Dengan adanya berbagai jenis terapi yang dapat dipilih oleh orang tua, maka sangat penting bagi
mereka untuk memilih salah satu jenis terapi yang dapat meningkatkan fungsionalitas anak dan
mengurangi gangguan serta hambatan autisme. Sangat disayangkan masih minim data ilmiah
yang mampu mendukung berbagai jenis terapi yang dapat dipilih orang tua di Indonesia saat ini.

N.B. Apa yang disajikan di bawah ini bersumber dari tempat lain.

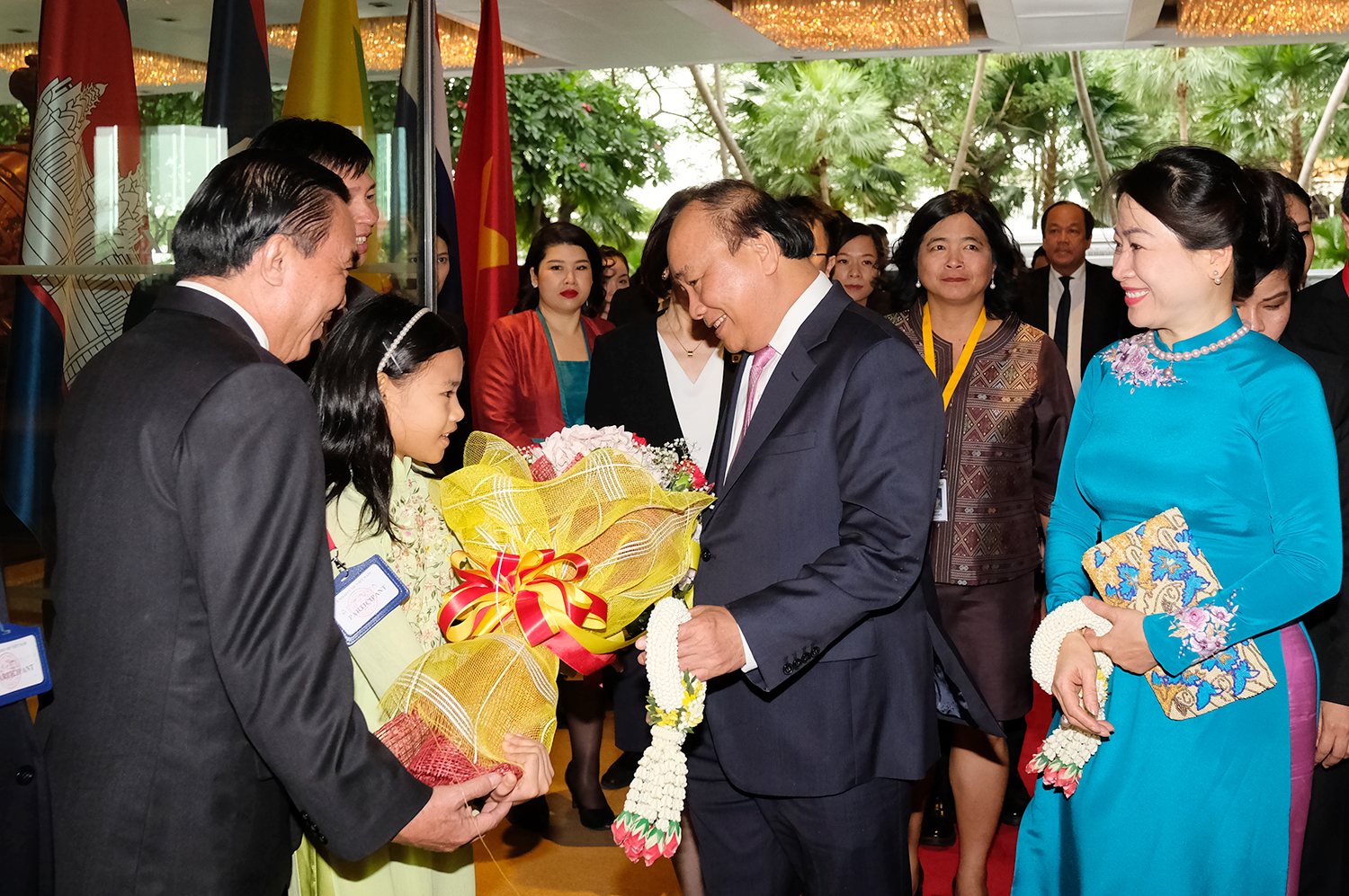 Đón Thủ tướng và Phu nhân tại sân bay có Bộ trưởng Bộ Xã hội và Kinh tế số Thái Lan Pichet Durongkaveroj, đại diện lãnh đạo Bộ Ngoại giao Thái Lan và về phía Việt Nam có Đại sứ Việt Nam tại Vương quốc Thái Lan Nguyễn Hải Bằng, Phu nhân và cán bộ, nhân viên Đại sứ quán.

Fakta menyebutkan bahwa sangat sulit membuat suatu penelitian mengenai autisme. Sangat
banyak variabel-variabel yang dimiliki anak, dari tingkat keparahan gangguannya hingga
lingkungan sekitarnya dan belum lagi etika yang ada didalamnya untuk membuat suatu
penelitian itu sungguh-sungguh terkontrol. Sangat tidak mungkin mengontrol semua variabel
yang ada sehingga data yang dihasilkan dari penelitian-penelitian sebelumnya mungkin secara
statistik tidak akurat.

Tidak ada satupun jenis terapi yang berhasil bagi semua anak. Terapi harus disesuaikan dengan
kebutuhan anak, berdasarkan pada potensinya, kekurangannya dan tentu saja sesuai dengan
minat anak sendiri. Terapi harus dilakukan secara multidisiplin ilmu, misalnya menggunakan;
okupasi terapi, terapi wicara dan terapi perilaku sebagai basisnya. Tenaga ahli yang menangani
anak harus mampu mengarahkan pilihan-pilihan anda terhadap berbagai jenis terapi yang ada
saat ini. Tidak ada jaminan apakah terapi yang dipilih oleh orang tua maupun keluarga sungguh-
sungguh akan berjalan efektif. Namun demikian, tentukan salah satu jenis terapi dan laksanakan
secara konsisten, bila tidak terlihat perubahan atau kemajuan yang nyata selama 3 bulan dapat
melakukan perubahan terapi. Bimbingan dan arahan yang diberikan harus dilaksanakan oleh
orang tua secara konsisten. Bila terlihat kemajuan yang signifikan selama 3 bulan maka bentuk
intervensi lainnya dapat ditambahkan. Tetap bersikap obyektif dan tanyakan kepada para ahli
bila terjadi perubahan-perubahan perilaku lainnya.